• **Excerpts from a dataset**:
+++

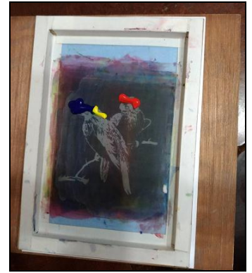
油墨倒入網屏上端
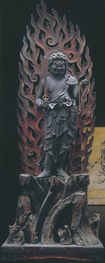
本尊 木造不動明王立像 鎌倉時代 通期
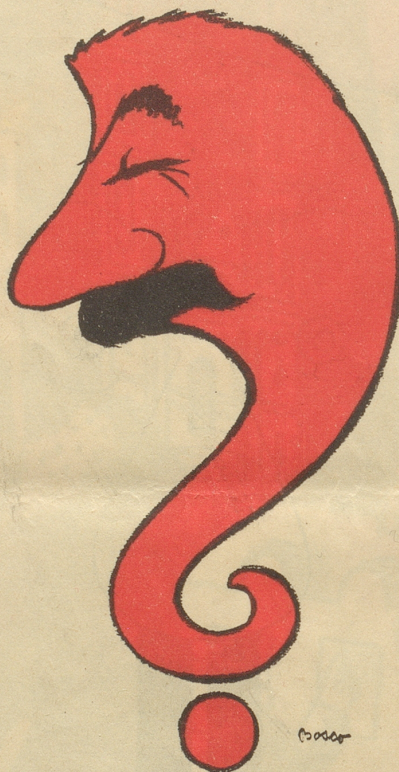
Das rote Fragezeichen

Nach einem noch unbestätigten Gerücht soll sich auch Winston Churchill in der Schweiz aufhalten. Jedenfalls glaubt man den einstigen Premier in
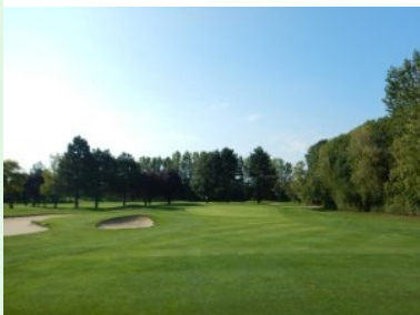
Grün Loch 12
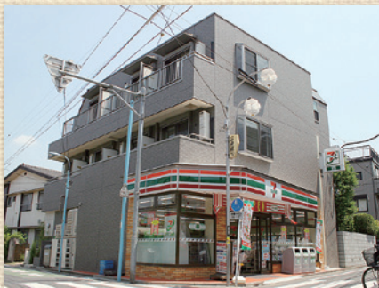
サットンプレイス・S松ノ木
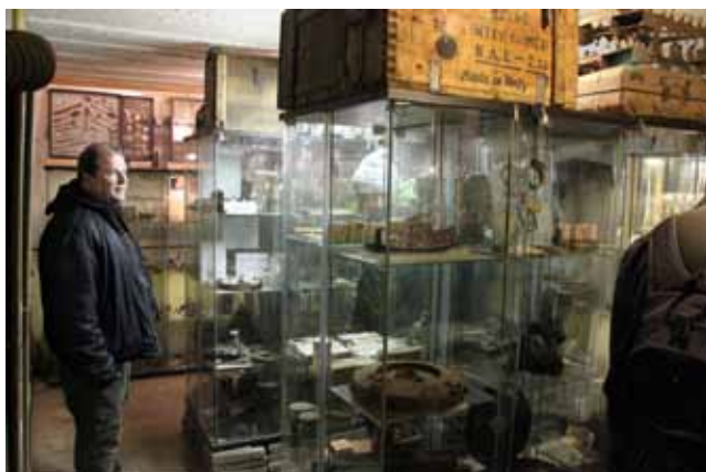
Het museum nu

haveningang bent. Daar staat het Patatpaleis en daarachter is de ingang tot de bunker. Tot vorig jaar was daar het GO FAST surfdorp. De bunker was daar ook, maar viel niet op in het Go Fast geweld.
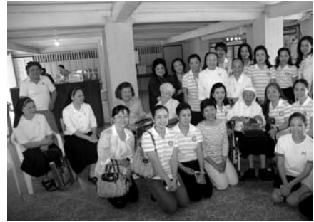
• คณะกรรมการสมาคมนักเรียนเก่ามาแต่ร์เดอีฯ กราบอวยพรคณะซิสเตอร์ ในโอกาสวันฉลองพระคริสตสมภพ เมื่อวันที่ 14 ธันวาคม 2556
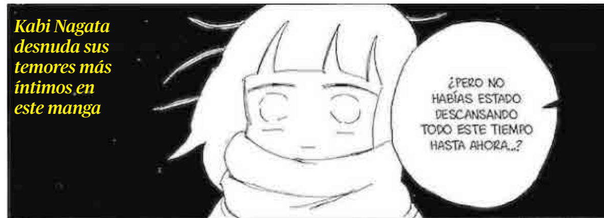
Kabi Nagata desnuda sus temores más íntimos en este manga

Cuando alguien se ve sacudido por estas tormentas, cualquier pequeña victoria es representativa, pero también cualquier zozobra en el proceso puede hundirlo. Dentro de la complejidad de todo el camino por el que pasa la autora, ella misma se da cuenta de que una de las
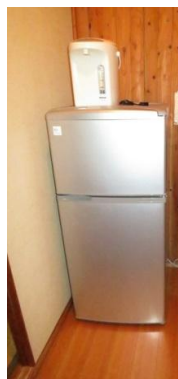
宿泊室の冷蔵庫 冷凍 29L 冷蔵 80L
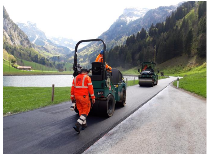
TS 2 am 21.04.2026: Deckbelagseinbau im Bereich Seeberg bis Mettlen.
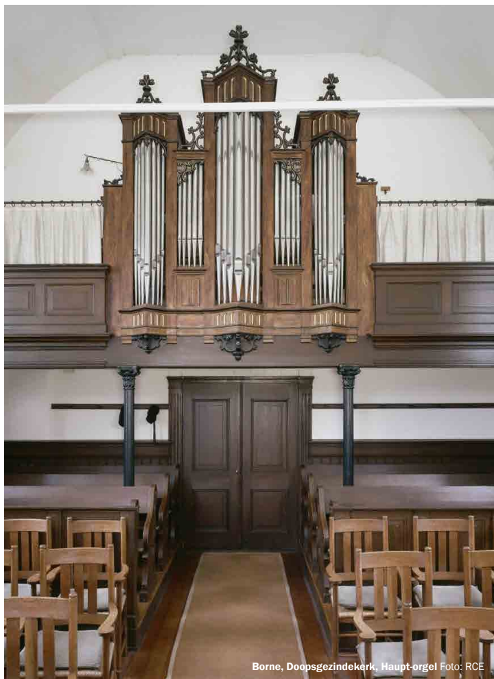
Borne, Doopsgezindekerk, Haupt-orgel
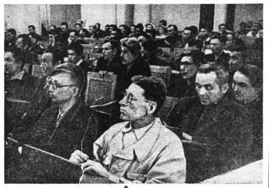
Зураг дээрэ: засэдаини зал соо.

Байша ондо нутагай Советүү- дэй шидэхэе зорилгонууд тушаа зүблөөндэ хабаадагшад тогтоол баталан абаа.
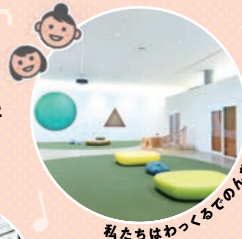
私たちはわっくるでのおんぴりありあそび
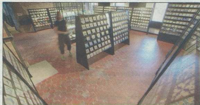
Le musée de la céramique Terra Rossa, à Salernes, a été visité, hier par les professionnels du tourisme.
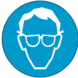
Kanna silmakaitse- vahendit

Kohustumärgi olulised tunnused on ümar kuju, valge piltkiri sinisel taustal, kusjuures sinine osa moodustab vähemalt 50% märgi pindalast.
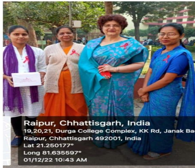
Raipur, Chhattisgarh, India 19,20,21, Durga College Complex, KK Rd, Janak Bada Raipur, Chhattisgarh 492001, India Lat 21.250177° Long 81.635597° 01/12/22 10:43 AM
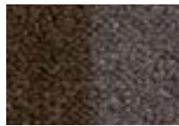
Teck 750 4 m
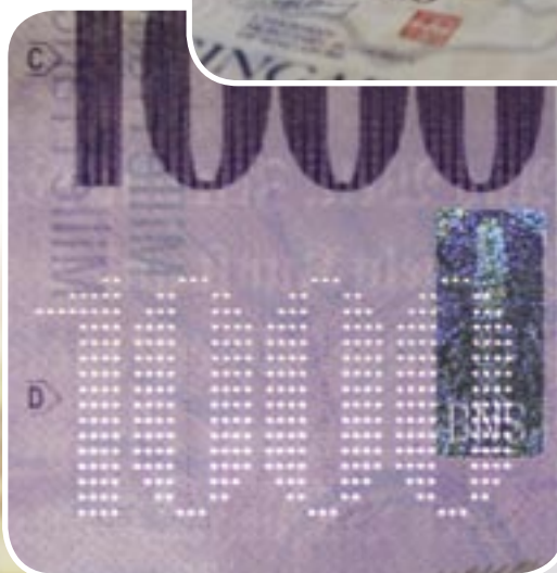
Microperforé – une caractéristique de sécurité démontrée

+++

• **Exercise brief**: Return the entries above in full and unchanged, omitting every image.

• **Answer space**:
油墨倒入網屏上端
本尊 木造不動明王立像 鎌倉時代 通期
Das rote Fragezeichen

Nach einem noch unbestätigten Gerücht soll sich auch Winston Churchill in der Schweiz aufhalten. Jedenfalls glaubt man den einstigen Premier in
Grün Loch 12
サットンプレイス・S松ノ木
Het museum nu

haveningang bent. Daar staat het Patatpaleis en daarachter is de ingang tot de bunker. Tot vorig jaar was daar het GO FAST surfdorp. De bunker was daar ook, maar viel niet op in het Go Fast geweld.
• คณะกรรมการสมาคมนักเรียนเก่ามาแต่ร์เดอีฯ กราบอวยพรคณะซิสเตอร์ ในโอกาสวันฉลองพระคริสตสมภพ เมื่อวันที่ 14 ธันวาคม 2556
Kabi Nagata desnuda sus temores más íntimos en este manga

Cuando alguien se ve sacudido por estas tormentas, cualquier pequeña victoria es representativa, pero también cualquier zozobra en el proceso puede hundirlo. Dentro de la complejidad de todo el camino por el que pasa la autora, ella misma se da cuenta de que una de las
宿泊室の冷蔵庫 冷凍 29L 冷蔵 80L
TS 2 am 21.04.2026: Deckbelagseinbau im Bereich Seeberg bis Mettlen.
Borne, Doopsgezindekerk, Haupt-orgel
Зураг дээрэ: засэдаини зал соо.

Байша ондо нутагай Советүү- дэй шидэхэе зорилгонууд тушаа зүблөөндэ хабаадагшад тогтоол баталан абаа.
私たちはわっくるでのおんぴりありあそび
Le musée de la céramique Terra Rossa, à Salernes, a été visité, hier par les professionnels du tourisme.
Kanna silmakaitse- vahendit

Kohustumärgi olulised tunnused on ümar kuju, valge piltkiri sinisel taustal, kusjuures sinine osa moodustab vähemalt 50% märgi pindalast.
Raipur, Chhattisgarh, India 19,20,21, Durga College Complex, KK Rd, Janak Bada Raipur, Chhattisgarh 492001, India Lat 21.250177° Long 81.635597° 01/12/22 10:43 AM
Teck 750 4 m
Microperforé – une caractéristique de sécurité démontrée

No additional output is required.